## Task statement
Nothing but the lines below from the one containing "Ett mötesrum för" through the one containing "The drive is" should appear in the answer, exact and without pictures.

## Source data
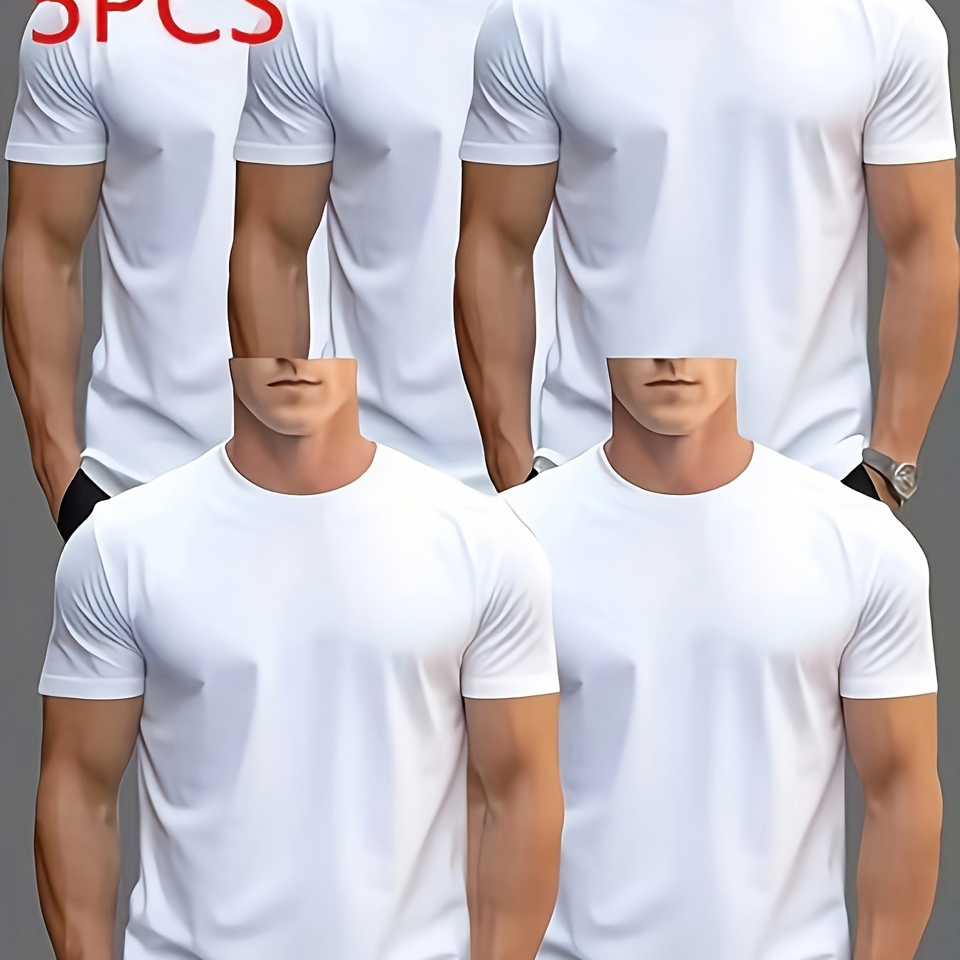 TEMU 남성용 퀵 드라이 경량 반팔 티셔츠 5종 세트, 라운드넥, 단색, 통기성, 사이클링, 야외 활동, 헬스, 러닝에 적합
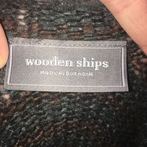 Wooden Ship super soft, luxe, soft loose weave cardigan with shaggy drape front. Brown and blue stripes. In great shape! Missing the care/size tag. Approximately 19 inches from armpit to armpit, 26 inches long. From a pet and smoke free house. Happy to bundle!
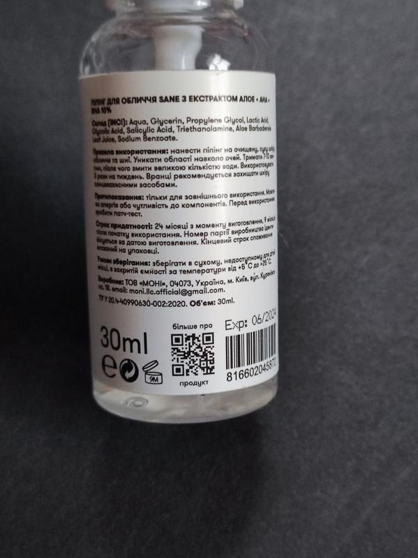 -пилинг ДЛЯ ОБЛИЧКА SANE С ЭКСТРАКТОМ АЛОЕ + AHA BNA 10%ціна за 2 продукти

* * *

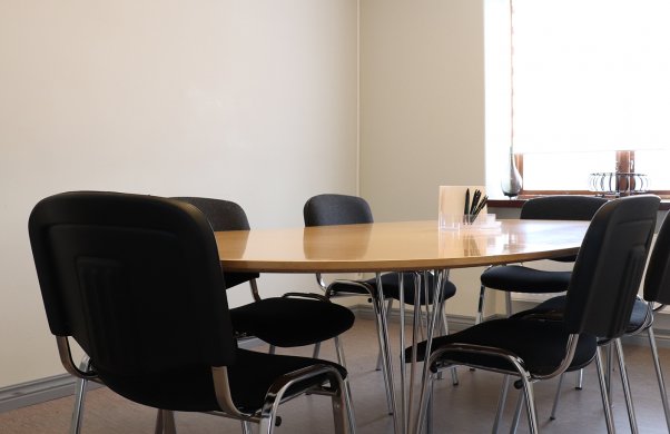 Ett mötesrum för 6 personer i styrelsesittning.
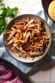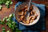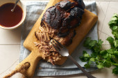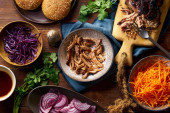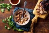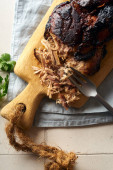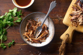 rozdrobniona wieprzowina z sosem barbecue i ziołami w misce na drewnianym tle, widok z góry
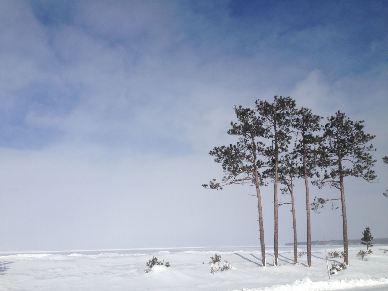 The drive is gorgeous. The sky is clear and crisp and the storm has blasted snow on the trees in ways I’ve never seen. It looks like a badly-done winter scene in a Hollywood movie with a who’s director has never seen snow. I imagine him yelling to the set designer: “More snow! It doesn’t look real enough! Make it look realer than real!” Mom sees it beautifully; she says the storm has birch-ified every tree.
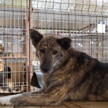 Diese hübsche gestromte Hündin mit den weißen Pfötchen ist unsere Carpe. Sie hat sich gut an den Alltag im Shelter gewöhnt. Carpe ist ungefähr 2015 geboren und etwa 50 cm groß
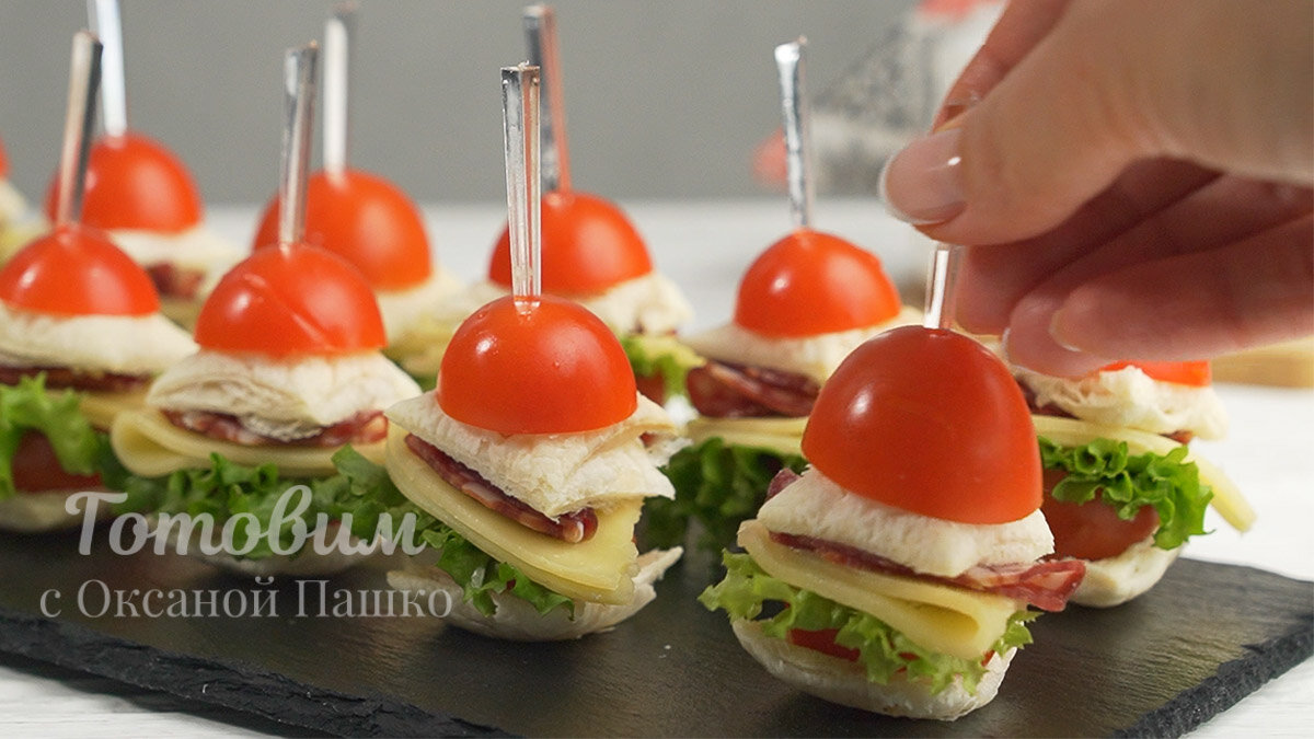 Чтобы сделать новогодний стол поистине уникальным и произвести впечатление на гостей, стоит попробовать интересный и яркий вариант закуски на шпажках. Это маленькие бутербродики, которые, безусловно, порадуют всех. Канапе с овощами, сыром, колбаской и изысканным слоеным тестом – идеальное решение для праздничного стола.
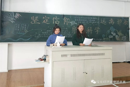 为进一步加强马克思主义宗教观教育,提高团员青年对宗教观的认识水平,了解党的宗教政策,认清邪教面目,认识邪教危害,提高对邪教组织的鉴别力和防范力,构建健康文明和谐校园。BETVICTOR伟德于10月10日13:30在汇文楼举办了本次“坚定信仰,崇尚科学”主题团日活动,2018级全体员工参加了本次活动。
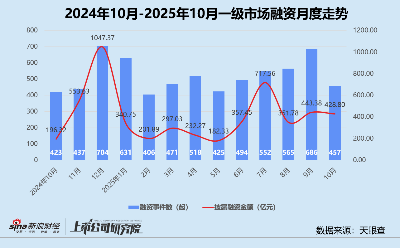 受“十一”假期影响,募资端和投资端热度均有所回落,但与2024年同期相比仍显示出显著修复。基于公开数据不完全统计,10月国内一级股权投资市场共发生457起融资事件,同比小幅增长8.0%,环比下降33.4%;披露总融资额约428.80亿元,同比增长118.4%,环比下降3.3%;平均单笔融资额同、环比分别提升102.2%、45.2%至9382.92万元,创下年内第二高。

## Your solution
 Ett mötesrum för 6 personer i styrelsesittning.
 rozdrobniona wieprzowina z sosem barbecue i ziołami w misce na drewnianym tle, widok z góry
 The drive is gorgeous. The sky is clear and crisp and the storm has blasted snow on the trees in ways I’ve never seen. It looks like a badly-done winter scene in a Hollywood movie with a who’s director has never seen snow. I imagine him yelling to the set designer: “More snow! It doesn’t look real enough! Make it look realer than real!” Mom sees it beautifully; she says the storm has birch-ified every tree.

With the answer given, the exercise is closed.